- Japanese cover of the first manga volume

そんなんじゃねえよ
- Genre: Romantic comedy
- Written by: Kaneyoshi Izumi
- Published by: Shogakukan
- Imprint: Flower Comics
- Magazine: Betsucomi
- Original run: October 2002 – May 2006
- Volumes: 9 (List of volumes)

= Sonnanja neyo =

Japanese manga series by Kaneyoshi Izumi

Sonnan ja nē yo (そんなんじゃねえよ) is a Japanese romantic comedy manga series written and illustrated by Kaneyoshi Izumi. It was serialized in Shogakukan's Betsucomi magazine from October 2002 to May 2006 and later collected into nine bound volumes under the Flower Comics imprint.

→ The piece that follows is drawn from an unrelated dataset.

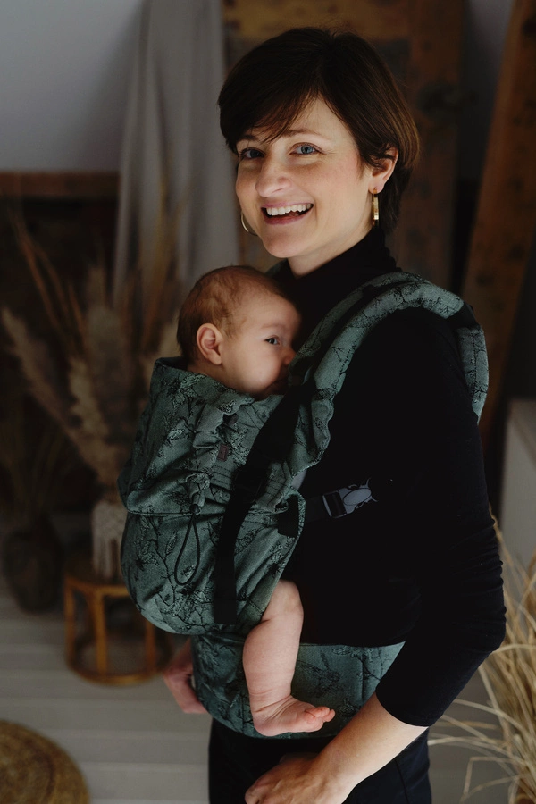 Zakładanie jest szybkie i intuicyjne – wystarczy zapiąć pas biodrowy, ułożyć maluszka, podciągnąć panel, założyć szelki i dociągnąć pasy. W kilka chwil dziecko jest bezpiecznie przytulone, a rodzic zyskuje pełną swobodę ruchów.

In 2006, Sonnan ja nē yo won the 51st Shogakukan Manga Award in the shōjo category.

==Publication==
Sonnan ja nē yo was serialized in Shogakukan's Betsucomi magazine from the November 2002 issue (released in October) to the June 2006 issue (released in May). Shogakukan collected the individual chapters into nine bound volumes under the Flower Comics imprint. The first volume was released on March 26, 2003, and the last volume was released on June 26, 2006.

===List of volumes===

| No. | Japanese release date | Japanese ISBN |
|---|---|---|
| 1 | March 26, 2003 | 978-4-09-137275-8 |
| 2 | July 26, 2003 | 978-4-09-137276-5 |
| 3 | January 26, 2004 | 978-4-09-137277-2 |
| 4 | March 26, 2004 | 978-4-09-137278-9 |
| 5 | September 24, 2004 | 978-4-09-137279-6 |
| 6 | January 26, 2005 | 978-4-09-137280-2 |
| 7 | June 24, 2005 | 978-4-09-130150-5 |
| 8 | January 26, 2006 | 978-4-09-130319-6 |
| 9 | June 26, 2006 | 978-4-09-130540-4 |

==Reception==
Sonnan ja nē yo won the 51st Shogakukan Manga Award in the shōjo manga category in 2006. The manga reached a circulation of 1,200,000 copies with six volumes in May of that year.